= Work item =
Below is a listing; retype exactly the lines between the one containing "Séraphinite ! Pendentif" and the one containing "Наушники Hoco M108", inclusive, minus the pictures.

= The data =
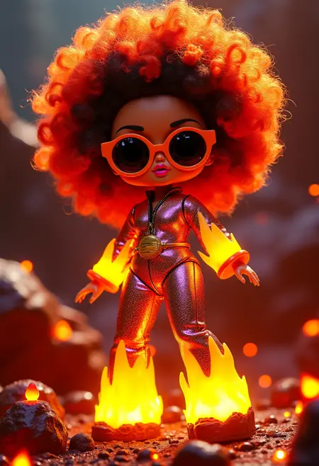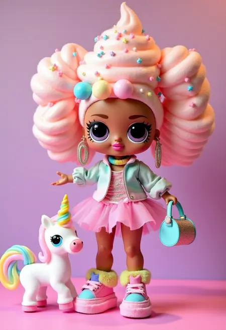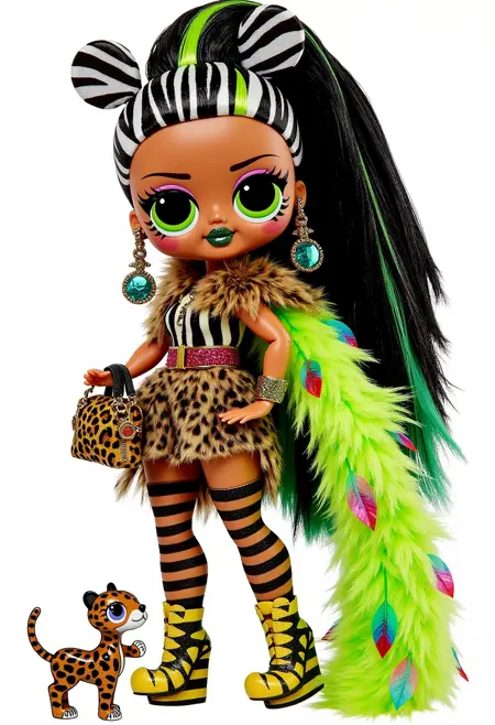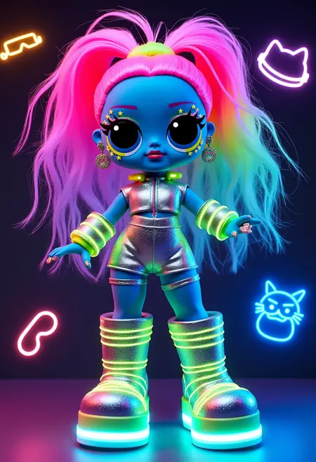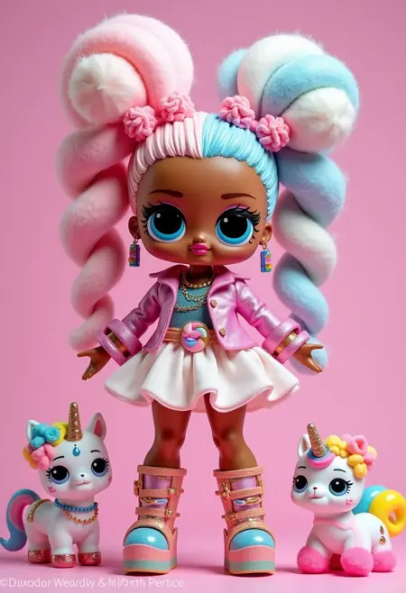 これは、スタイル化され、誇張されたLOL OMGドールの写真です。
---
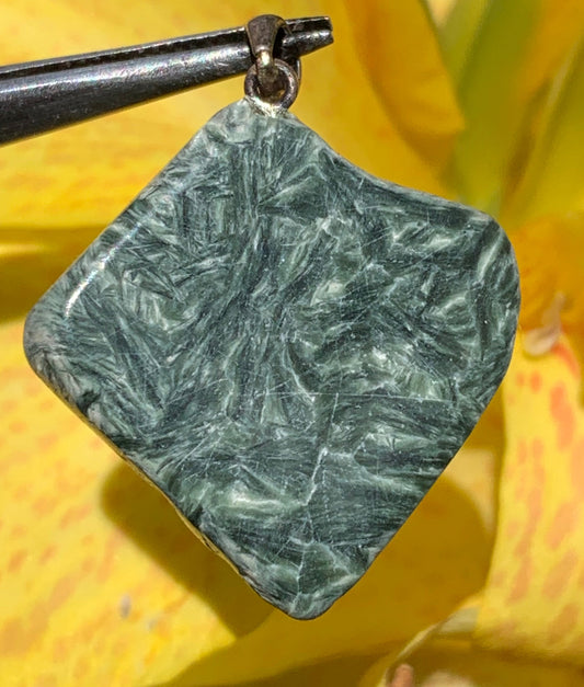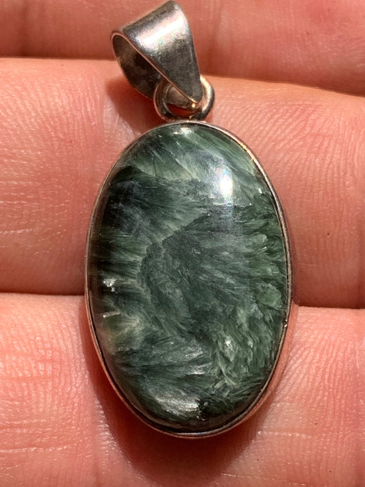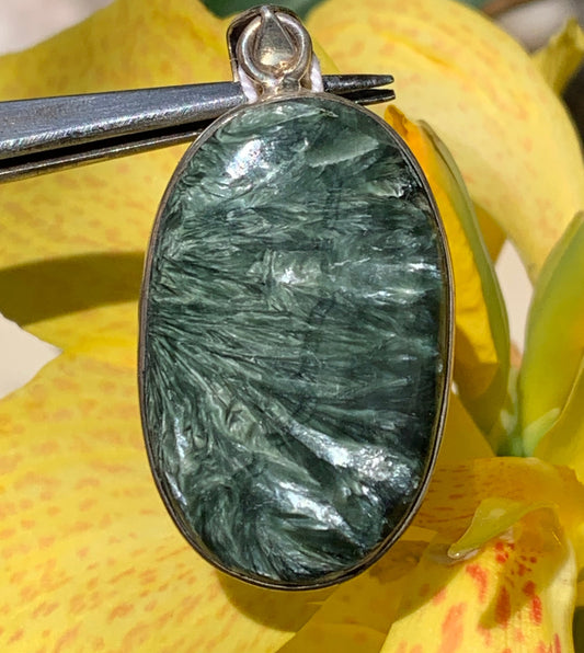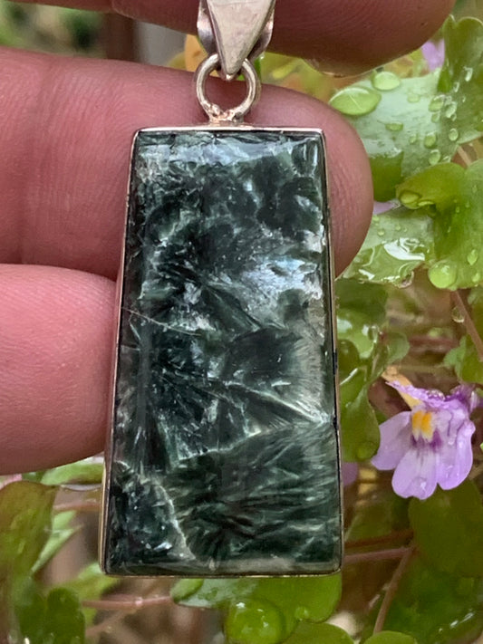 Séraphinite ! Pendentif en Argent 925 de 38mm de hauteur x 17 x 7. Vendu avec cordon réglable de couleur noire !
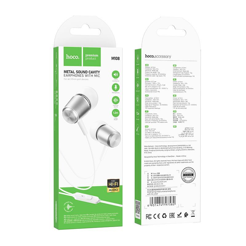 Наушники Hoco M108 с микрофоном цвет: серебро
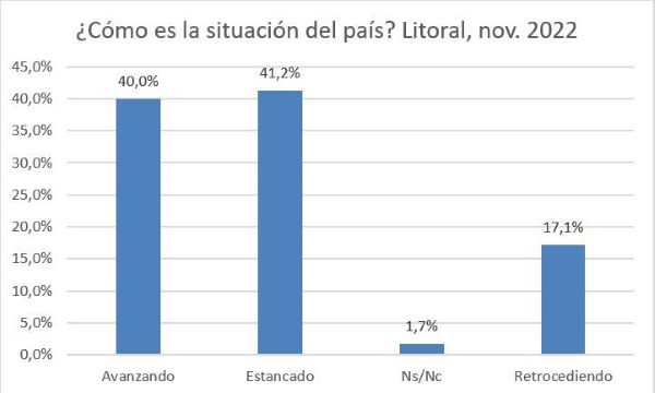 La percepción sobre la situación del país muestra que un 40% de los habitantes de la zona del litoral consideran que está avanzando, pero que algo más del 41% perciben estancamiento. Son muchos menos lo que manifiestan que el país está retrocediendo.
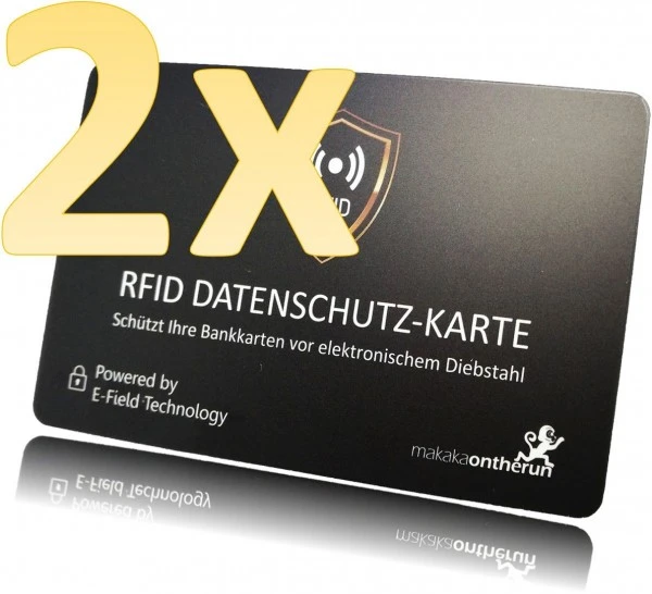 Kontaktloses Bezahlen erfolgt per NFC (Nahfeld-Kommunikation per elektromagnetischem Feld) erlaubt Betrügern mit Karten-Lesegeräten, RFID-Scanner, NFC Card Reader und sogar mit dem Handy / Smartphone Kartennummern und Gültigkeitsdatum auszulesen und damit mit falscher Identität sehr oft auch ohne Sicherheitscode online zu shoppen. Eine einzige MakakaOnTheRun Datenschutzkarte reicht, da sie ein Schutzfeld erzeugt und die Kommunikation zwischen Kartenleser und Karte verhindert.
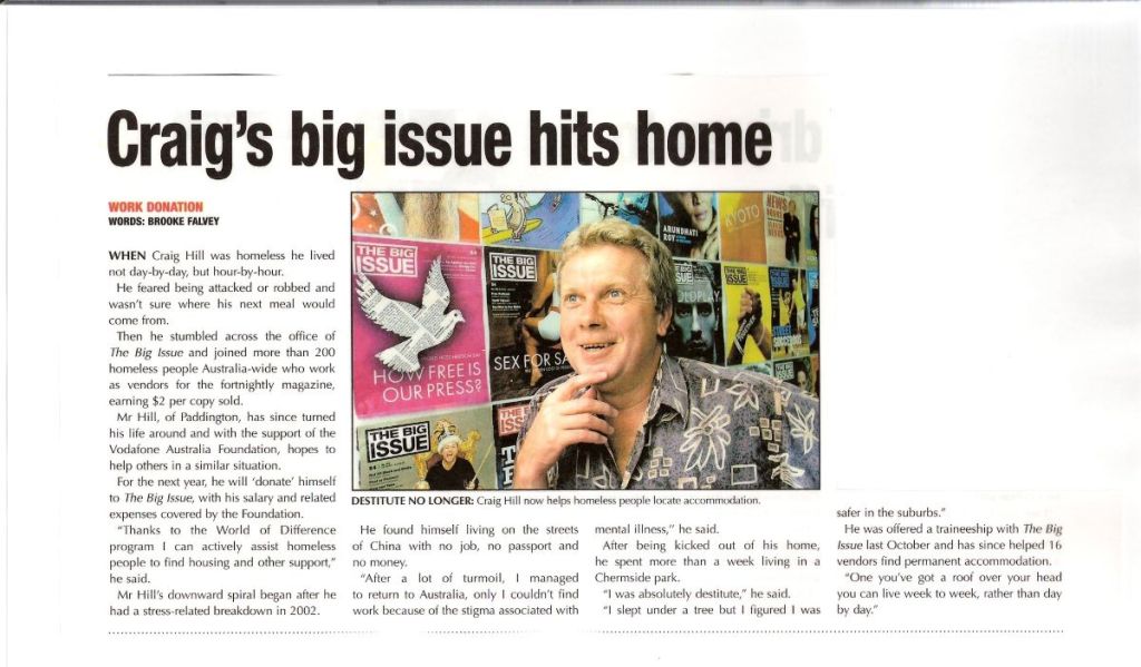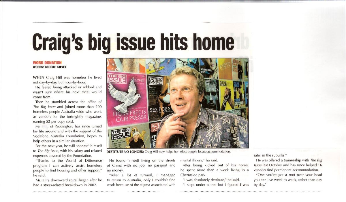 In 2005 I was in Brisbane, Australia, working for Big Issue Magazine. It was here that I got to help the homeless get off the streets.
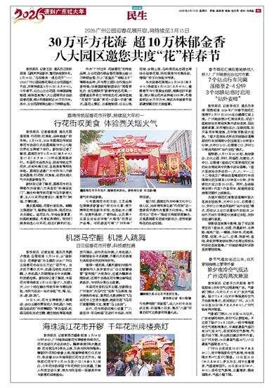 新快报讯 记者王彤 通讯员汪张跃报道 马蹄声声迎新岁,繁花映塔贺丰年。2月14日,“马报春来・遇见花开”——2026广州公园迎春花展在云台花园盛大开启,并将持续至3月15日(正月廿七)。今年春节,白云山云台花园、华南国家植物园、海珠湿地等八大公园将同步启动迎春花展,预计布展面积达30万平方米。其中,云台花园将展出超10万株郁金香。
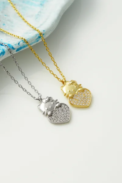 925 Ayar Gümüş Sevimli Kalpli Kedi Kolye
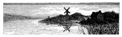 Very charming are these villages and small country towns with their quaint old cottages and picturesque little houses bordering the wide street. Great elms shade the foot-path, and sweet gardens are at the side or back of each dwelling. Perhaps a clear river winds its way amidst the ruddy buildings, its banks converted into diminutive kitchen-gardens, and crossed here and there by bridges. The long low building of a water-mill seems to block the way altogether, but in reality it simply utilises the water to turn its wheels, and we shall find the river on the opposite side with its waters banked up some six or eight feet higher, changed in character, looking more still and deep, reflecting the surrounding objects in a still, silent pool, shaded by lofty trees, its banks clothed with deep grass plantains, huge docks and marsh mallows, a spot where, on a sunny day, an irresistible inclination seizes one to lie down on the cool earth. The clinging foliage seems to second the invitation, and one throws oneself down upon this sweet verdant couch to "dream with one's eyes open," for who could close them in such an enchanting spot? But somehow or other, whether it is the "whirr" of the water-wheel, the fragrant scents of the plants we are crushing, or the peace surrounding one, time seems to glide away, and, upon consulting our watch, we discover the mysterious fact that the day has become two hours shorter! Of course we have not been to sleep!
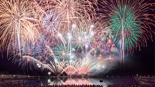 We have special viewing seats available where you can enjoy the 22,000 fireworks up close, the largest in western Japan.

= Expected answer =
 Séraphinite ! Pendentif en Argent 925 de 38mm de hauteur x 17 x 7. Vendu avec cordon réglable de couleur noire !
 Наушники Hoco M108 с микрофоном цвет: серебро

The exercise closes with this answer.